Task input:
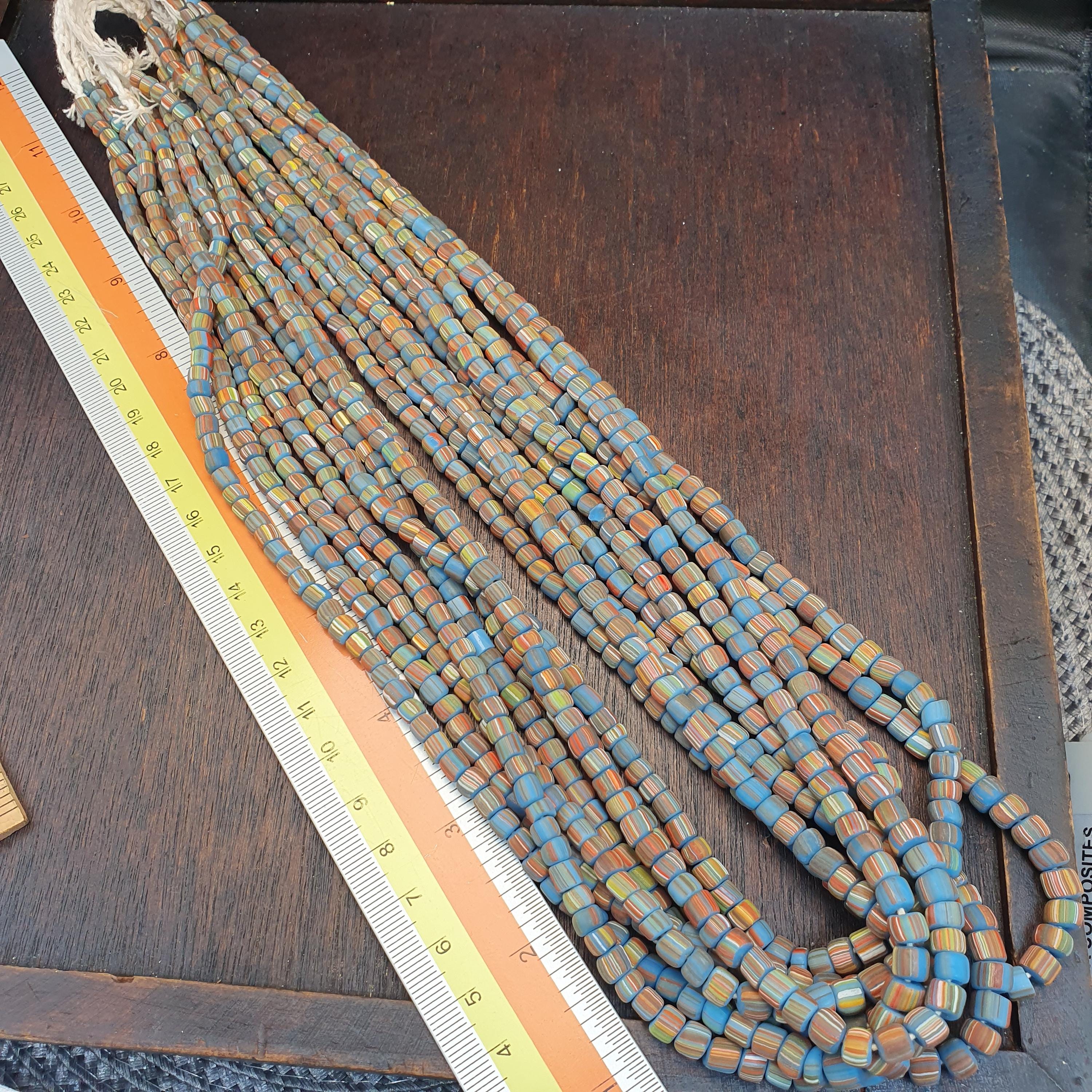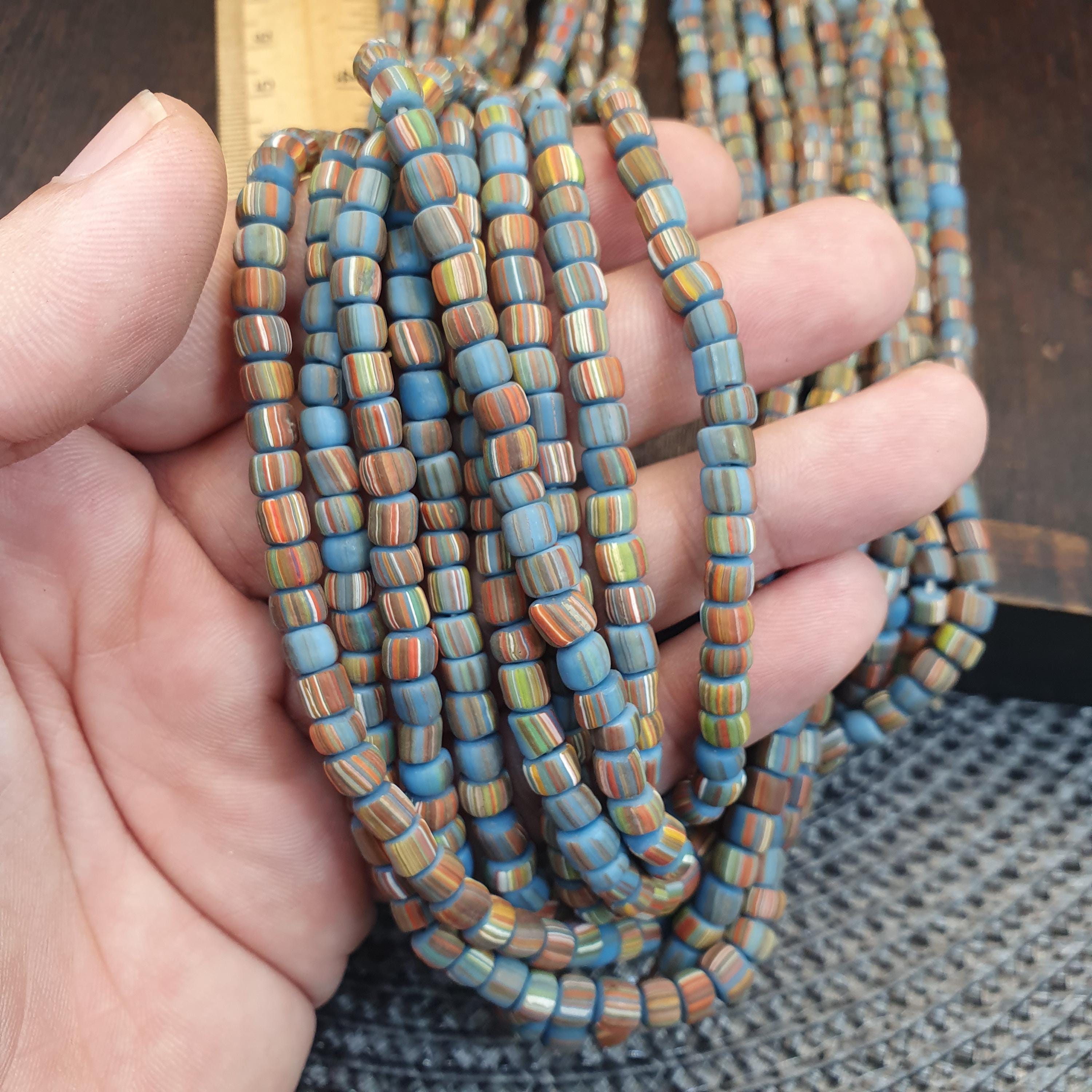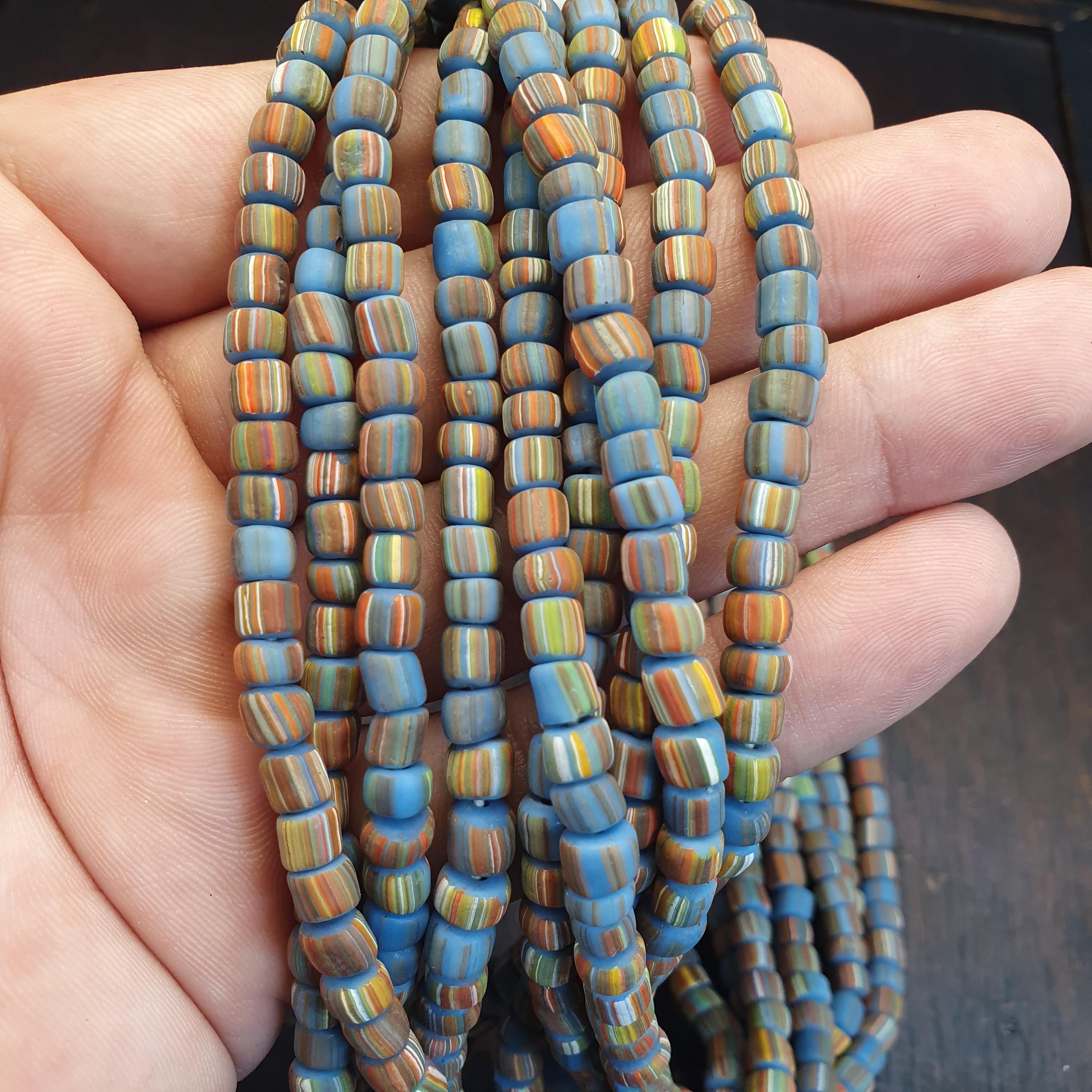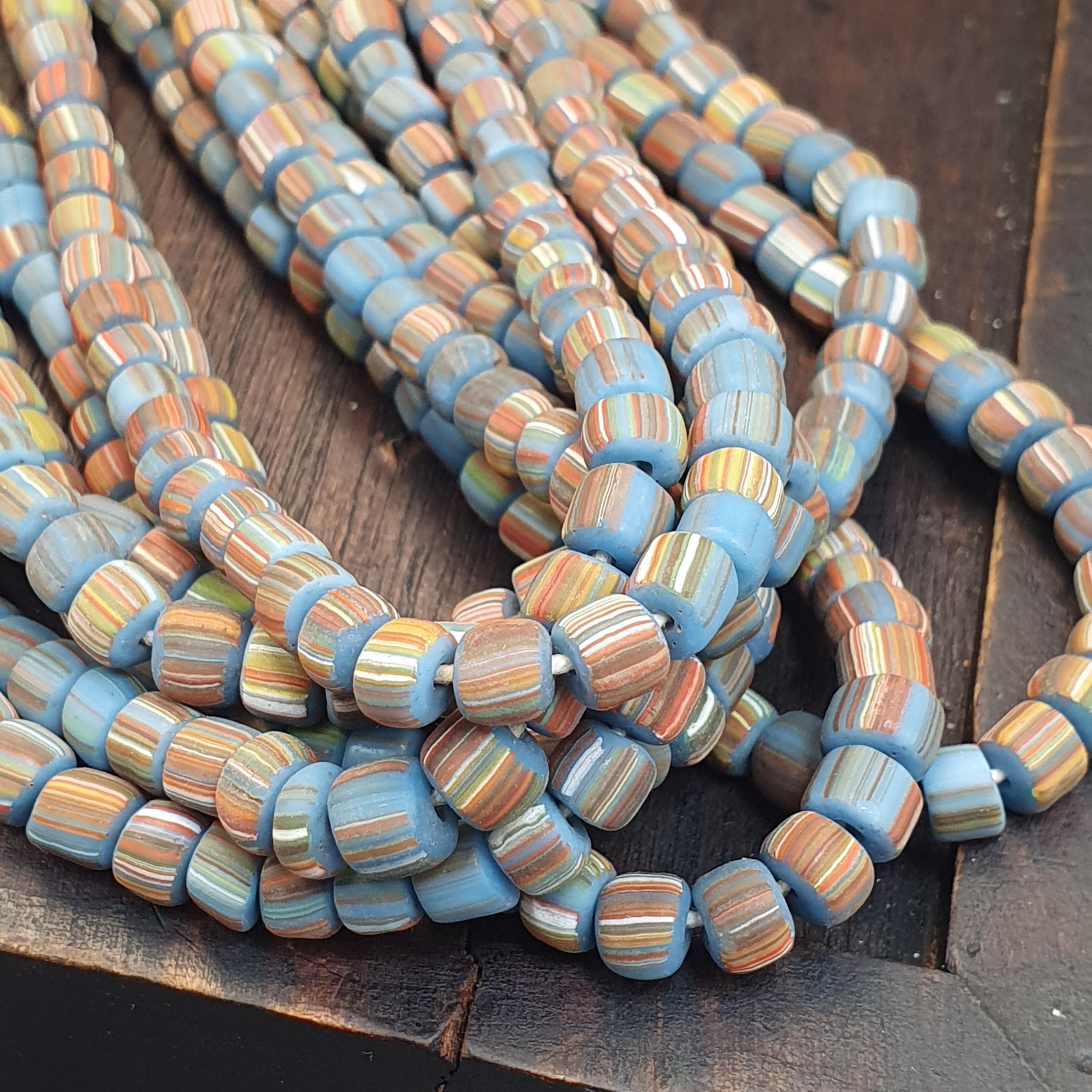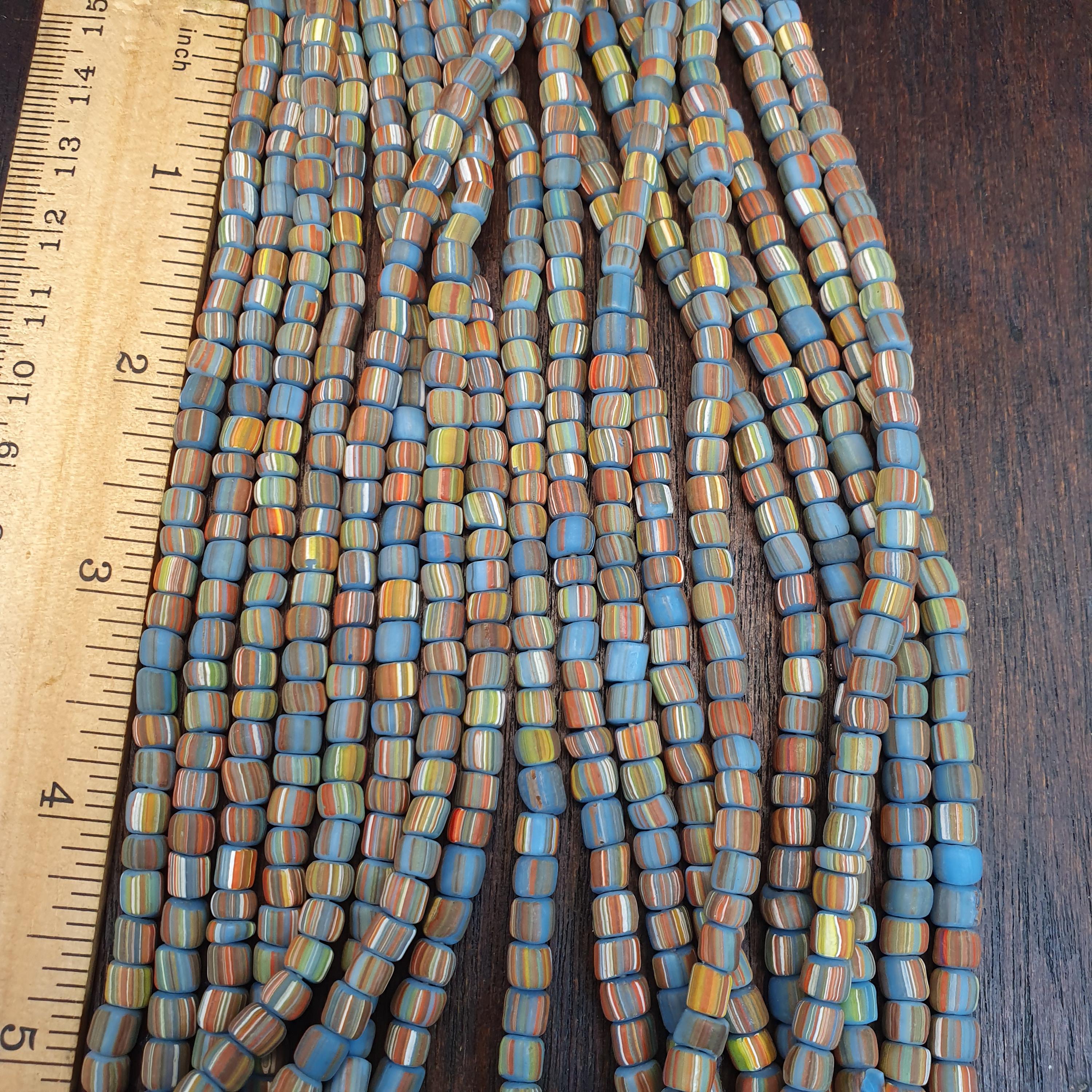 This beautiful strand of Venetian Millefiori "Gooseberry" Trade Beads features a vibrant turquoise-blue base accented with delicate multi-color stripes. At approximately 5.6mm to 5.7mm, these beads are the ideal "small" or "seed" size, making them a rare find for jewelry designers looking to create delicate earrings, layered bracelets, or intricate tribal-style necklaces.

...

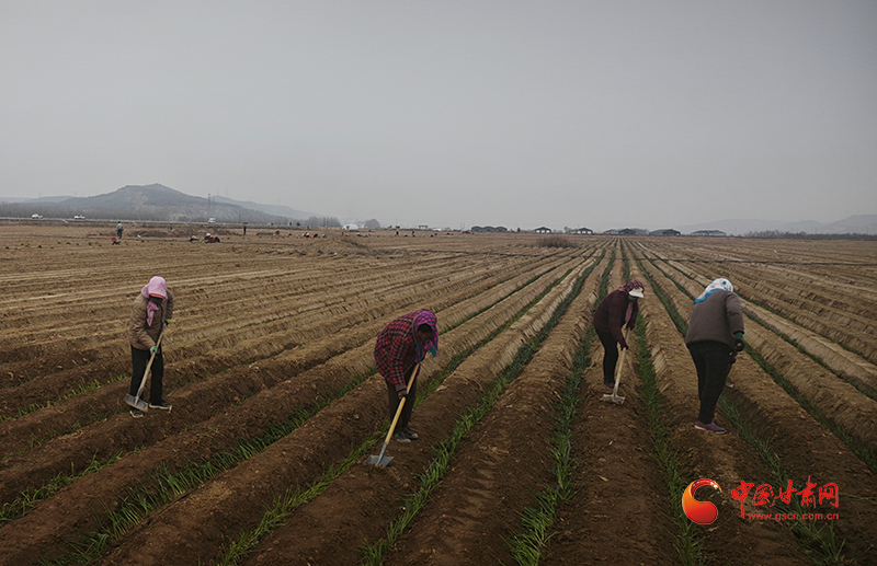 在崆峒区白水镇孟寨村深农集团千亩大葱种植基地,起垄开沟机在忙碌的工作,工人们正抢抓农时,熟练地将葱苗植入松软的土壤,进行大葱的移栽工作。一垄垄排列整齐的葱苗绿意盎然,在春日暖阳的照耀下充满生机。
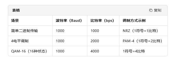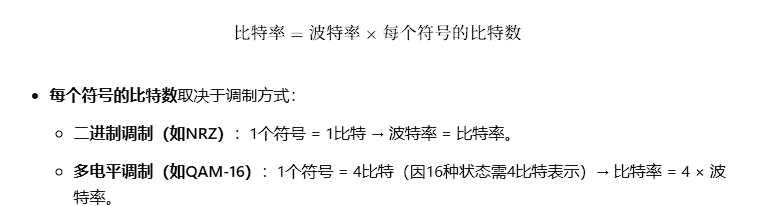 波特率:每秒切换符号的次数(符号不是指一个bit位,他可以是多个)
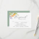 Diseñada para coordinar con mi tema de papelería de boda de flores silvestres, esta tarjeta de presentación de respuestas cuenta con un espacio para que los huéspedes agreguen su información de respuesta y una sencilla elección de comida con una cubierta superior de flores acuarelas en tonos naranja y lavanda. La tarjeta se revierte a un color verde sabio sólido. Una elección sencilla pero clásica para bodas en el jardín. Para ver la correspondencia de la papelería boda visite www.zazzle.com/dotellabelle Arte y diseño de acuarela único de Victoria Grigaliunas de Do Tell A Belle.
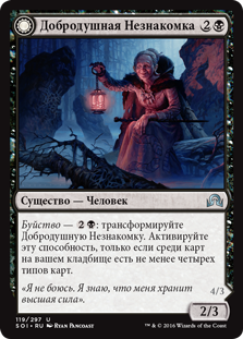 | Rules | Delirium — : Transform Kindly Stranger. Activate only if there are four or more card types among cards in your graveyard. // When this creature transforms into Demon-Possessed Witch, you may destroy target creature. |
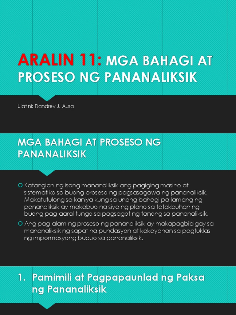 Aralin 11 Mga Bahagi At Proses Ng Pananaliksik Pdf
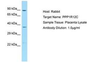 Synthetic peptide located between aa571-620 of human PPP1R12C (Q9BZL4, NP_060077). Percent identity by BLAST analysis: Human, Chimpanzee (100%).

Problem:
Starting with the line that contains "Aralin 11 Mga" and finishing with the line that contains "Synthetic peptide located", reproduce every line of the material above exactly, but not the pictures.

Response:
 Aralin 11 Mga Bahagi At Proses Ng Pananaliksik Pdf
 Synthetic peptide located between aa571-620 of human PPP1R12C (Q9BZL4, NP_060077). Percent identity by BLAST analysis: Human, Chimpanzee (100%).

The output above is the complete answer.